[Activity]:
Apart from the pictures, every entry below should be repeated exactly.

[Records from a data source]
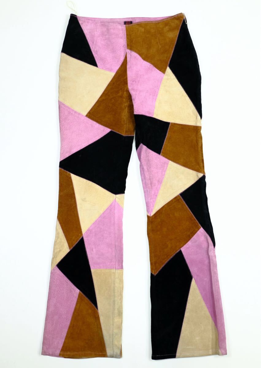 - 1970s フランス製 ビンテージ レザーパッチワークフレアパンツ 古着屋 カラフル アート ユーロ デザイン
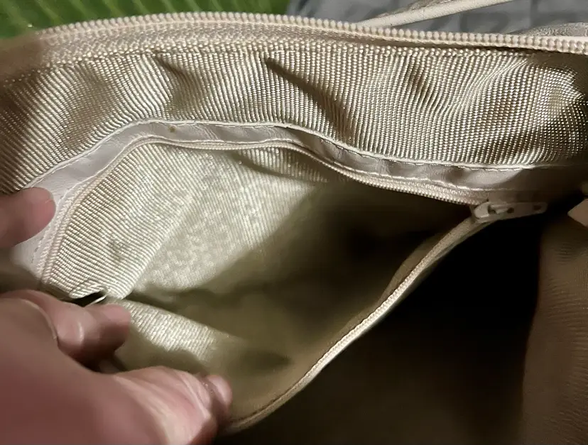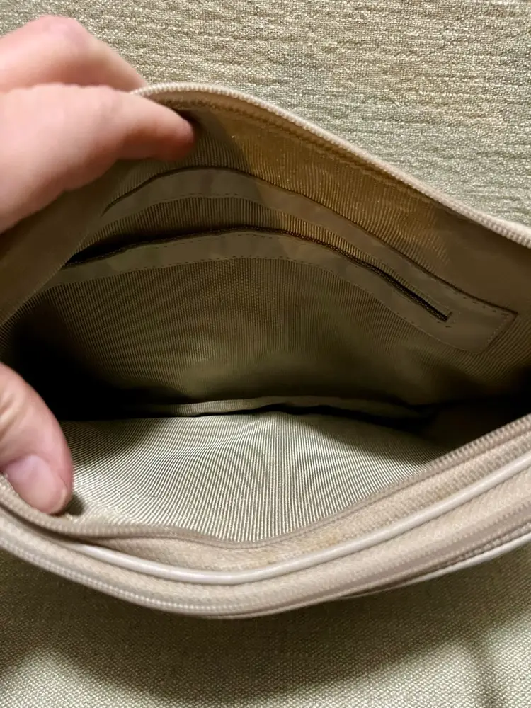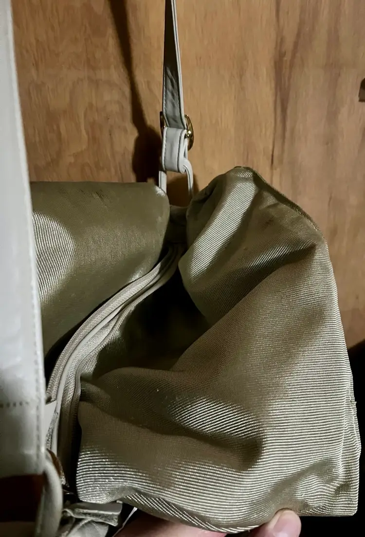Please look at all the photos prior to deciding to make a purchase. This is a gently used / pre-owned item. And, VINTAGE (20 years +) is seldom perfect. The lining was damp cloth wiped down and pulled inside-out to dry as shown in photos. Not perfect. There may be loose threads on the strap or authentic wear - photos are strongly encouraged to review before a decision to purchase in its condition, as my interpretation may not align with yours. Prior to a purchase, questions not answered in photos, details, description are welcome.
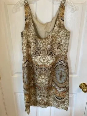 J. Crew 85% Silk Gold & Cream Paisley Midi Sheath Dress
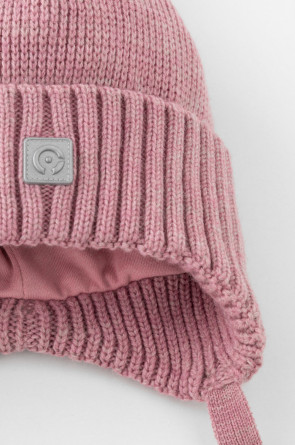 Тёплая зимняя шапка с подкладом из хлопкового трикотажа. Верх выполнен из полушерстяной пряжи. На макушке помпон. Светоотражающая нашивка спереди обеспечивает безопасность в темное время суток.
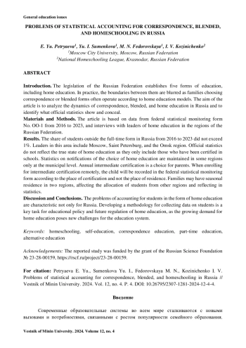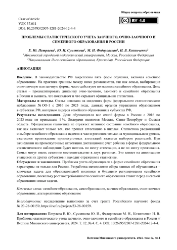 ПЕТРЯЕВА Е. Ю., СУМЕНКОВА Ю. И., ФЕДОРОВСКАЯ М. Н., КОЗИНЧЕНКО И. В. ПРОБЛЕМЫ СТАТИСТИЧЕСКОГО УЧЕТА ЗАОЧНОГО, ОЧНО-ЗАОЧНОГО И СЕМЕЙНОГО ОБРАЗОВАНИЯ В РОССИИ // ВЕСТНИК МИНИНСКОГО УНИВЕРСИТЕТА. 2024. ТОМ 12, № 4
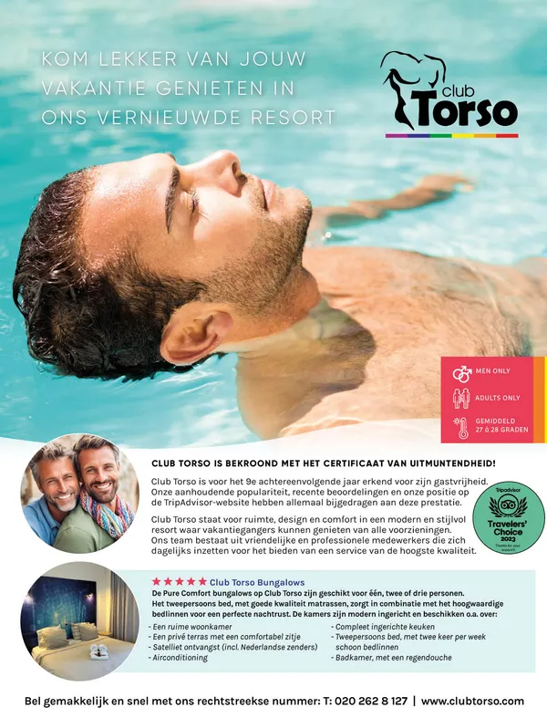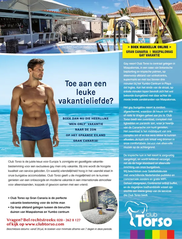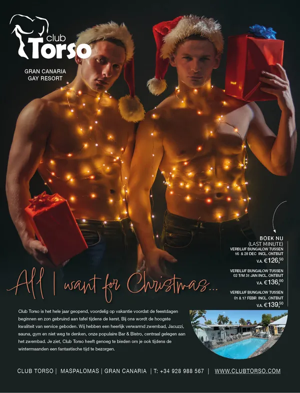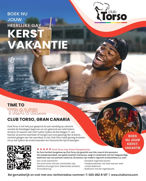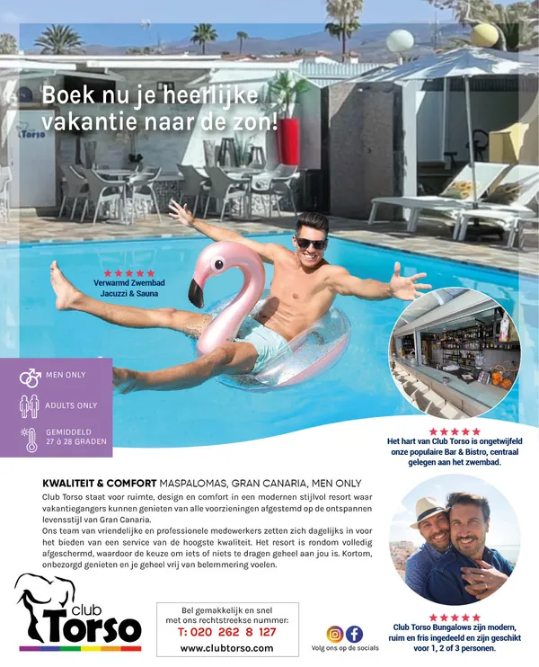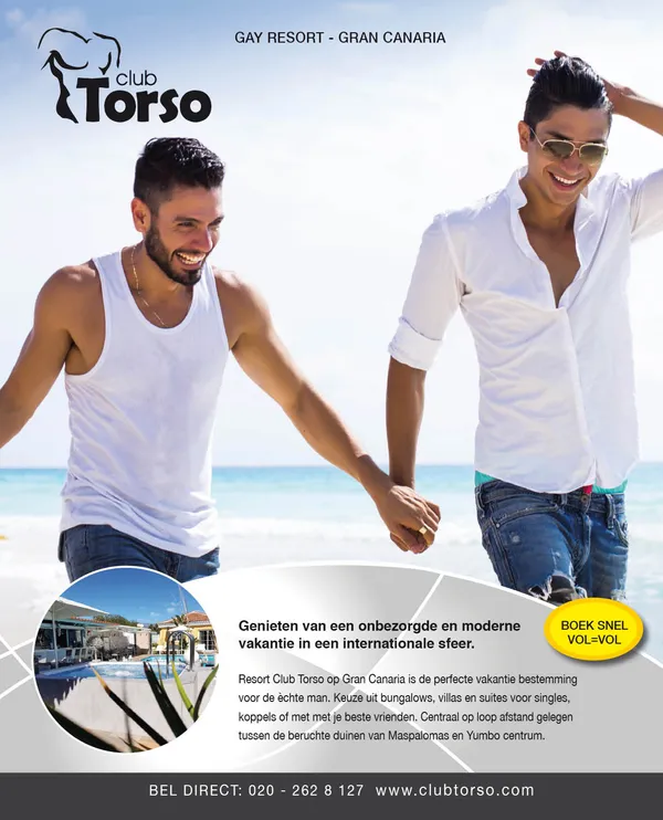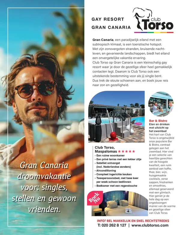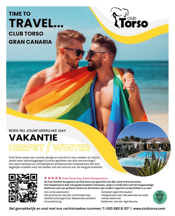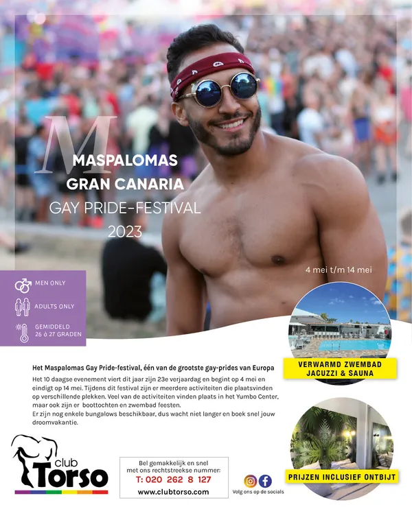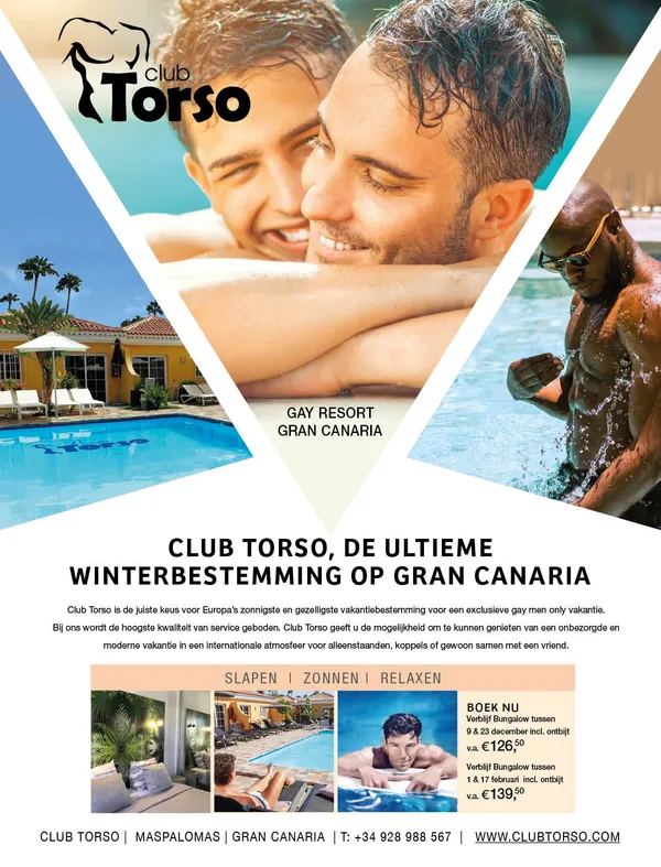 Welkom bij Club Torso, waar we met trots ons resort presenteren als dé perfecte gay bestemming. Deze pagina neemt je mee op reis door de schijnwerpers van verschillende media zoals Winq, Party en Weekend die ons resort in de spotlights hebben gezet. Of het nu gaat om het bruisende Maspalomas Gay Pride Festival, ontspannen vakanties in de winterzon of het dagelijkse comfort en de luxe die wij bieden, hier blijf je op de hoogte van de laatste nieuwtjes in de media.
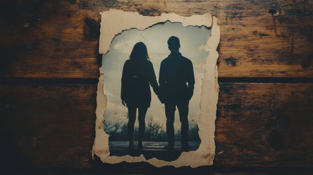 A beautiful silhouette of a couple holding hands, set against a textured wooden background, capturing the essence of love and connection in a nostalgic and artistic way.
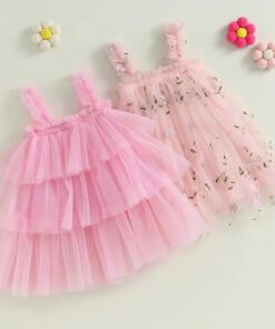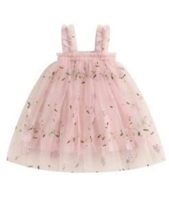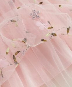 Peachy Pink Embroidered Floral Tulle Dress
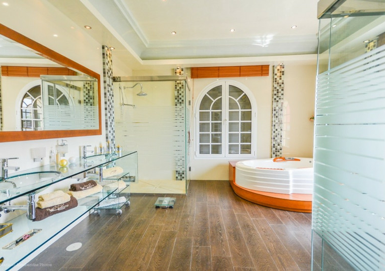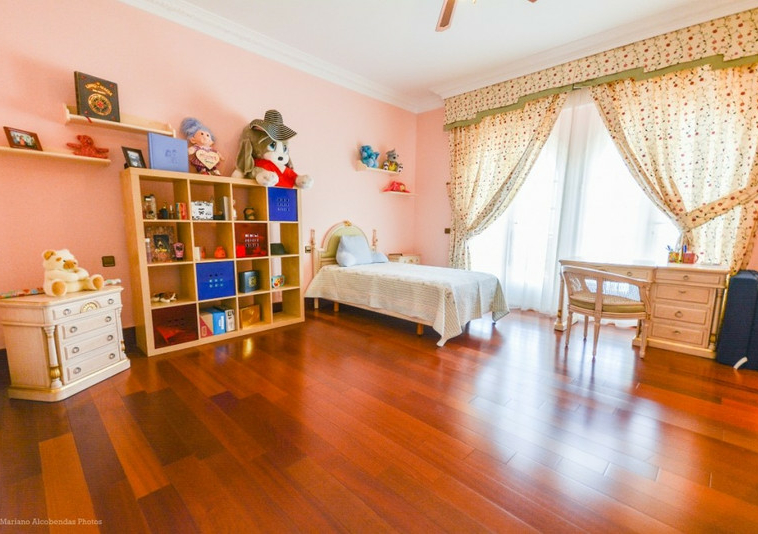 Planta baja: Amplio hall de entrada y recibidor, salón/biblioteca con chimenea, 5 amplios dormitorios con armarios empotrados y 5 baños en suite, 1 aseo de invitados y aseo con sauna. Amplio lavadero y despensa.

[Answer below]:
 - 1970s フランス製 ビンテージ レザーパッチワークフレアパンツ 古着屋 カラフル アート ユーロ デザイン
Please look at all the photos prior to deciding to make a purchase. This is a gently used / pre-owned item. And, VINTAGE (20 years +) is seldom perfect. The lining was damp cloth wiped down and pulled inside-out to dry as shown in photos. Not perfect. There may be loose threads on the strap or authentic wear - photos are strongly encouraged to review before a decision to purchase in its condition, as my interpretation may not align with yours. Prior to a purchase, questions not answered in photos, details, description are welcome.
 J. Crew 85% Silk Gold & Cream Paisley Midi Sheath Dress
 Тёплая зимняя шапка с подкладом из хлопкового трикотажа. Верх выполнен из полушерстяной пряжи. На макушке помпон. Светоотражающая нашивка спереди обеспечивает безопасность в темное время суток.
 ПЕТРЯЕВА Е. Ю., СУМЕНКОВА Ю. И., ФЕДОРОВСКАЯ М. Н., КОЗИНЧЕНКО И. В. ПРОБЛЕМЫ СТАТИСТИЧЕСКОГО УЧЕТА ЗАОЧНОГО, ОЧНО-ЗАОЧНОГО И СЕМЕЙНОГО ОБРАЗОВАНИЯ В РОССИИ // ВЕСТНИК МИНИНСКОГО УНИВЕРСИТЕТА. 2024. ТОМ 12, № 4
 Welkom bij Club Torso, waar we met trots ons resort presenteren als dé perfecte gay bestemming. Deze pagina neemt je mee op reis door de schijnwerpers van verschillende media zoals Winq, Party en Weekend die ons resort in de spotlights hebben gezet. Of het nu gaat om het bruisende Maspalomas Gay Pride Festival, ontspannen vakanties in de winterzon of het dagelijkse comfort en de luxe die wij bieden, hier blijf je op de hoogte van de laatste nieuwtjes in de media.
 A beautiful silhouette of a couple holding hands, set against a textured wooden background, capturing the essence of love and connection in a nostalgic and artistic way.
 Peachy Pink Embroidered Floral Tulle Dress
 Planta baja: Amplio hall de entrada y recibidor, salón/biblioteca con chimenea, 5 amplios dormitorios con armarios empotrados y 5 baños en suite, 1 aseo de invitados y aseo con sauna. Amplio lavadero y despensa.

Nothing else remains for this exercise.